Every so often in the respective reddit, someone pops up with the eternal lament about dealing with one’s “backlog” of games they want to play, and others return assorted advice about creating a structured list and sticking to it, limiting one’s options, reframing perspectives and erasing the word “backlog” and replacing it with “collection” or “library,” relaxing the obsession with game completion, etc. etc.

Infrequently, I chime in with a slightly more left-field strategy of cycling as many games as one desires for 15-30 mins or some other random block of time.

It’s meant as a short term tactic of satisfying the urge to try out the many games on one’s mental list of “stuff I want to play” while trusting that one might eventually bump into something that sticks for longer or worse case scenario, one covers a lot of games territory while encountering nothing captivating.

It works, for me, at any rate.
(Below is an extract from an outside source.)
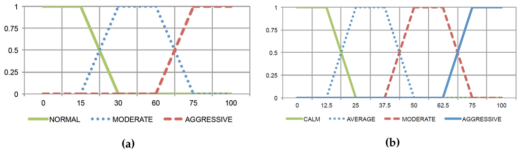 - Aljaafreh, A.; Alshabatat, N.; Najim Al-Din, M. Driving style recognition using fuzzy logic. In Proceedings of the 2012 IEEE International Conference on Vehicular Electronics and Safety (ICVES), Istanbul, Turkey, 24–27 July 2012; pp. 460–463.

I have a large amount of already collected games at any one time and ridiculously diverse tastes, so the limited focus, specialization strategies don’t work as well for me.

What I -was- experimenting with was a larger scale, variant application of this idea, and stealing some of the theme behind Krikket’s “Play to Satisfaction” policy.

The working term is “Unfettered Gaming” as inspired by the Stephen R. Donaldson poem about Unfettered Ones – the quote that keeps echoing through my mind is “Free Unfettered Shriven Free”

It’s a mouthful, but it encapsulates the idea of loosing all restrictions. All “shoulds” and “have tos” and “ought tos.” It’s the antithesis to the Five Game Challenge, which is more one of those limited focus strategies.

It’s about even deliberately playing against those mental restrictions, if one becomes aware that some baggage is bogging them down, so that one realizes the world won’t end when doing so.

Example – “I should complete all games when I start playing them.” “I want to see the story to the end.”

Heck, no. That is a LOT of baggage to deal with. The reality is that I don’t complete most games. Nor do many other people. So why put that expectation on myself? I’ll play the game up to the point I no longer feel like playing it. Once it gets too onerous, I shall decide to stop and decide on the next action.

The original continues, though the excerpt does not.